YOUR INSTRUCTIONS :: Pictures must not appear in your answer. Write out exactly the lines from the one with "Alunos brincando passam" through the last line of the entries below.

*** DATA IN THIS EXERCISE ***

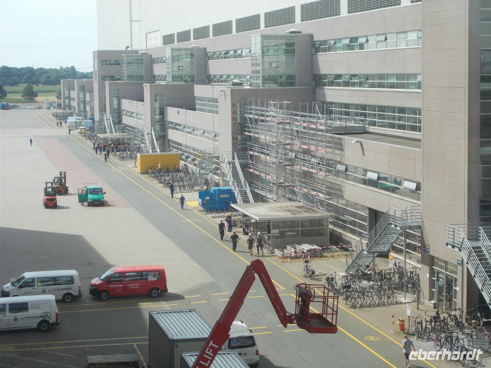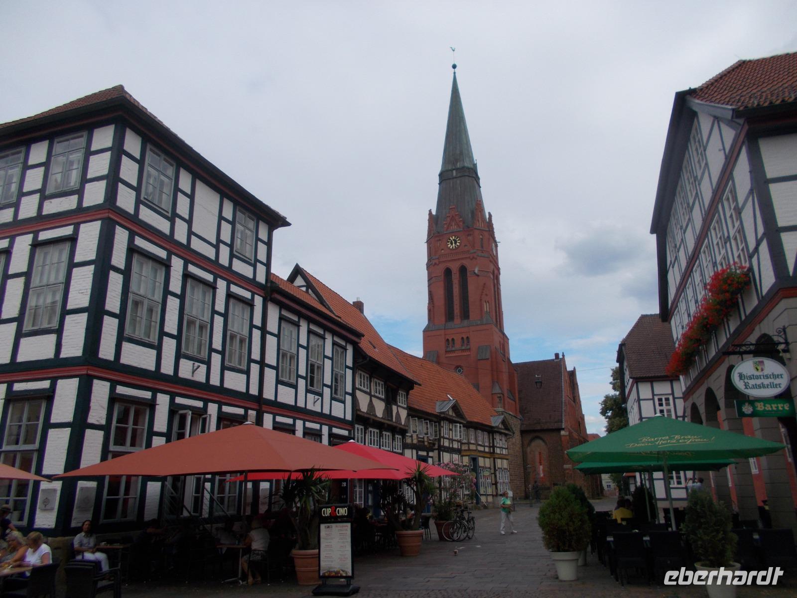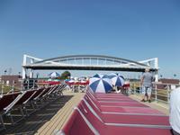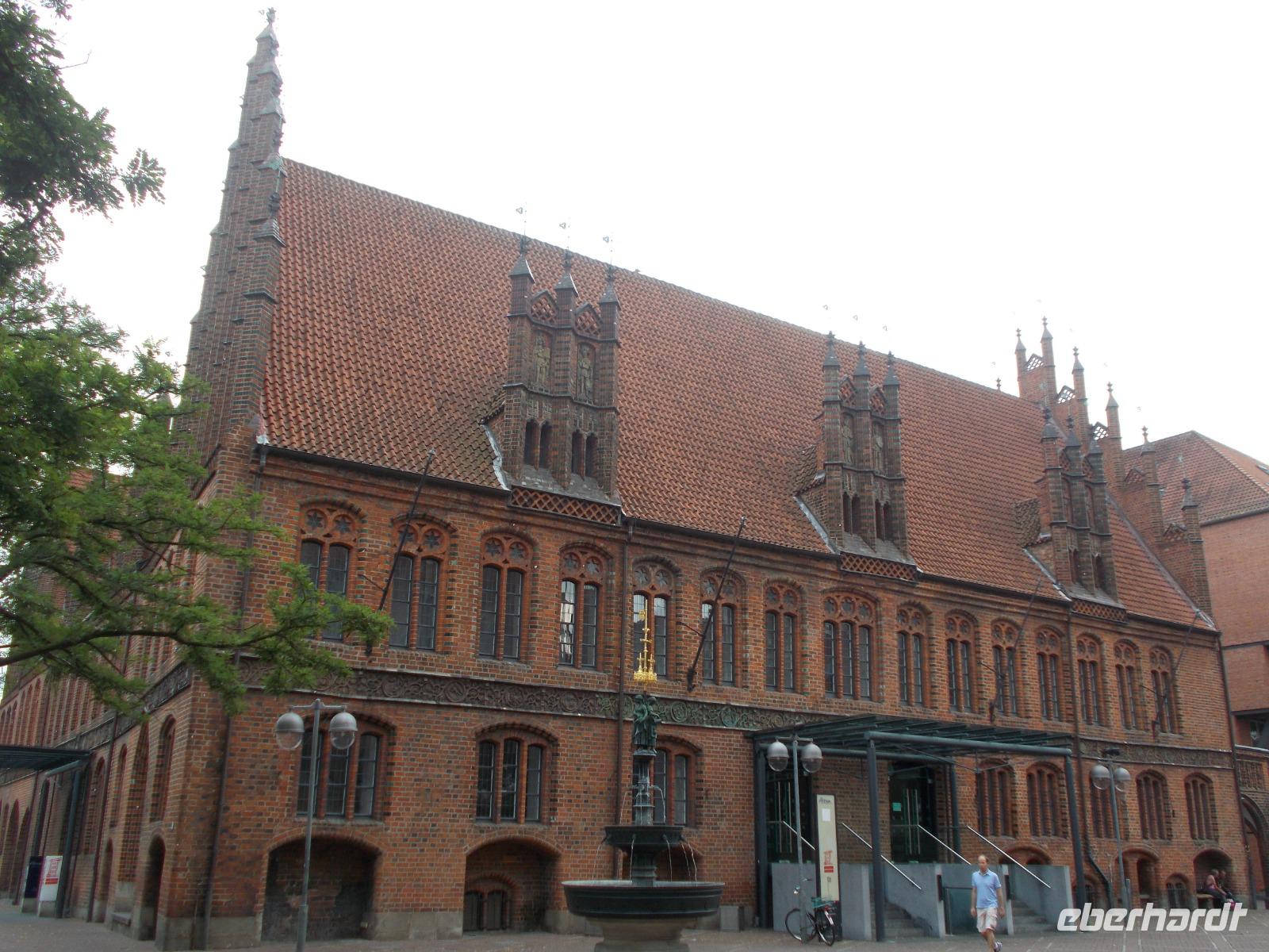 In der Nacht setzte unser Schiff seine Fahrt Richtung Hannover fort.Gefrühstückt wurde in der „Autostadt",denn zeitgleich passierten wir die Wolfsburg -Arena und das große VW Areal.Danach ging es wieder in eine Schleuse.Diesmal nicht ganz so tief,nur 9m -Sülsdorf.Immer noch auf dem Kanal fahrend ,ging es unter zahlreichen Brücken hindurch,die durch lautes Signal angezeigt wurden.Für uns,auf dem Sonnendeck, das Zeichen „sitzen bleiben und Schirm runter".Die Fahrt geht weiter durch den großen Braunschweiger Binnenhafen.Nach dem Mittag bereiteten wir uns auf den Hannover Ausflug vor.Die Busse sind zur Abfahrt bereit und zur Rundfahrt ,durch die Landeshauptstadt Niedersachsens,erwischt uns ein Wolkenbruch.Uns stört es nicht ,sitzen wir doch trocken im Bus und bekommen die Stadt erklärt.Pünktlich zu unserem Altstadtrundgang läßt sich die Sonne wieder sehen.Im Anschluß haben wir Zeit für eigene Erkundungen.In der Zwischenzeit hat unser Schiff den Nordhafen von Hannover erreicht .Die Küche überrascht uns heute mit einem Italienischen Buffet,das mit passender Musik umrahmt wird
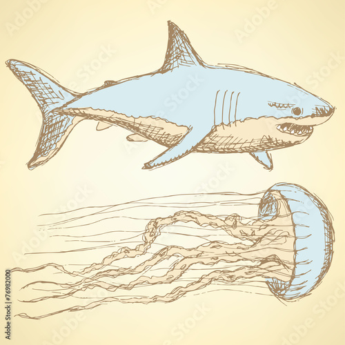 © kali1348, Fototapeta premium Sketch shark and jellyfish in vintage style
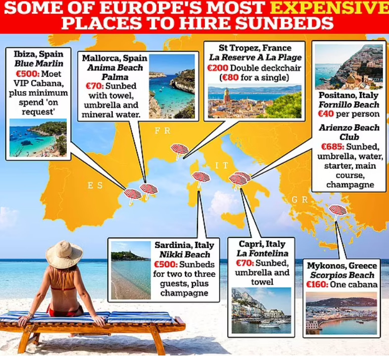 Είναι χαρακτηριστικό το δημοσίευμα της Daily Mail που απαριθμεί τα κόστη για τις ξαπλώστρες στα κορυφαία παραλιακά θέρετρα της Ευρώπης, με τις τιμές για τους τουρίστες να είναι για όλα τα βαλάντια.
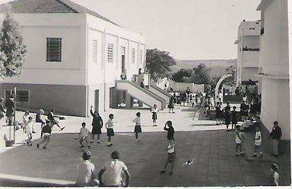 Alunos brincando passam aquele curto momento sempre se confraternizando. No prédio à esquerda o salão onde realizavam-se festas e jogos de salão. Embaixo, era a cantina.
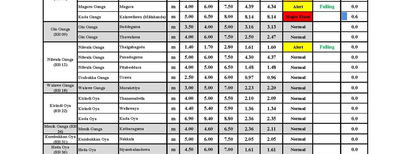 In the Kalu Ganga basin, water levels at Ratnapura have fallen slightly to 8.30 m, staying above minor flood level. Putupagala and Ellagawa are still on alert as levels remain elevated.
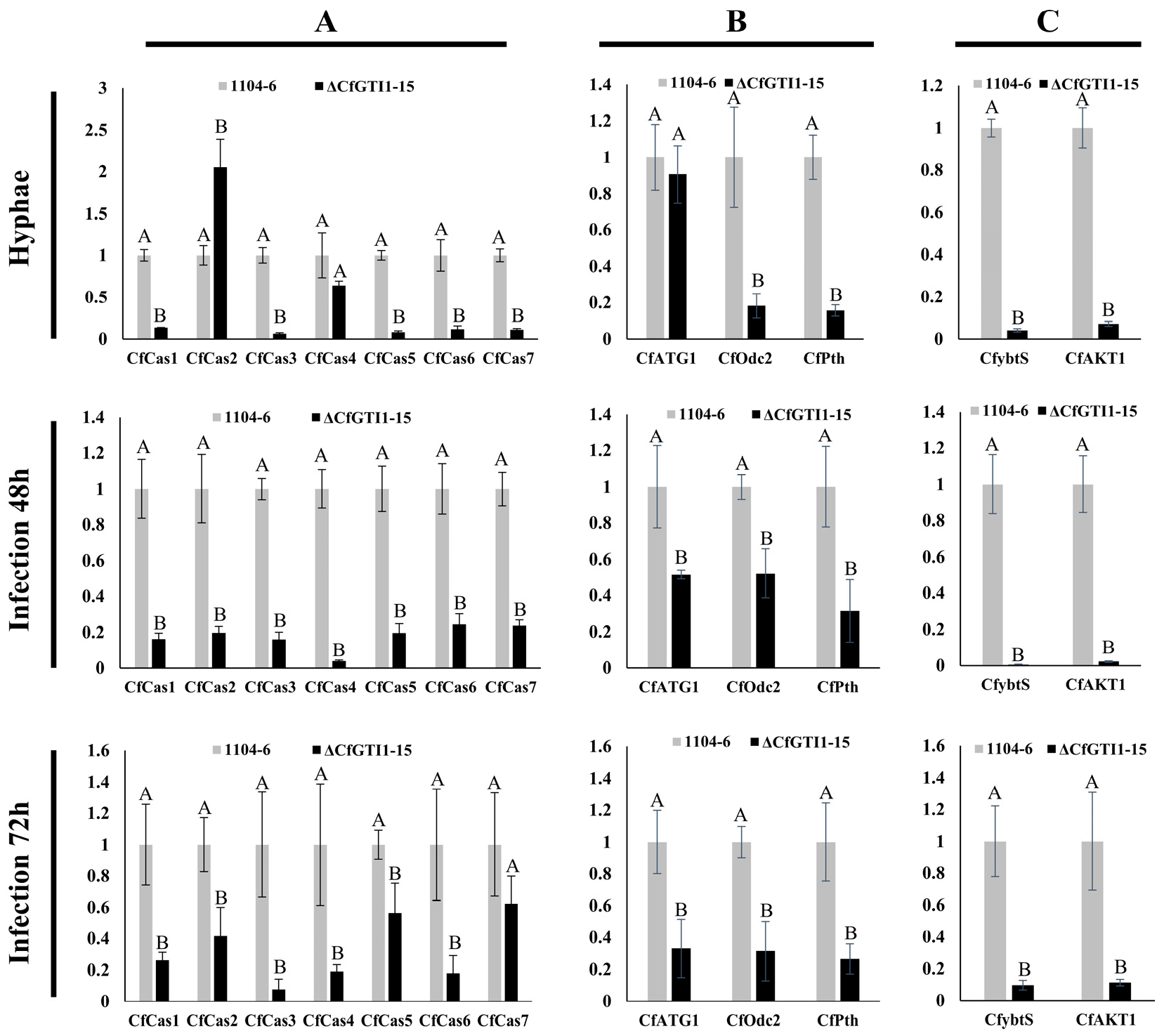 Figure 6. Fluorescence qPCR of orthologues of pathogenicity-related genes during vegetative hyphae, leaf infection at 48 h, and leaf infection at 72 h in C. fructicola. (A): Relative expression of seven Gas1-like DUF3129 family genes that are required for appressorium-mediated penetration in three phases. (B): Relative expression of three penetration-related genes in three phases. (C): Relative expression of two putative virulence-related genes that reside in 16th accessory chromosomes in three phases. Error bars represent the standard deviation from three technical repetitions. Clustered means associated with the same capital letters do not differ significantly (p > 0.05).

*** End of DATA IN THIS EXERCISE ***

RESPONSE ::
 Alunos brincando passam aquele curto momento sempre se confraternizando. No prédio à esquerda o salão onde realizavam-se festas e jogos de salão. Embaixo, era a cantina.
 In the Kalu Ganga basin, water levels at Ratnapura have fallen slightly to 8.30 m, staying above minor flood level. Putupagala and Ellagawa are still on alert as levels remain elevated.
 Figure 6. Fluorescence qPCR of orthologues of pathogenicity-related genes during vegetative hyphae, leaf infection at 48 h, and leaf infection at 72 h in C. fructicola. (A): Relative expression of seven Gas1-like DUF3129 family genes that are required for appressorium-mediated penetration in three phases. (B): Relative expression of three penetration-related genes in three phases. (C): Relative expression of two putative virulence-related genes that reside in 16th accessory chromosomes in three phases. Error bars represent the standard deviation from three technical repetitions. Clustered means associated with the same capital letters do not differ significantly (p > 0.05).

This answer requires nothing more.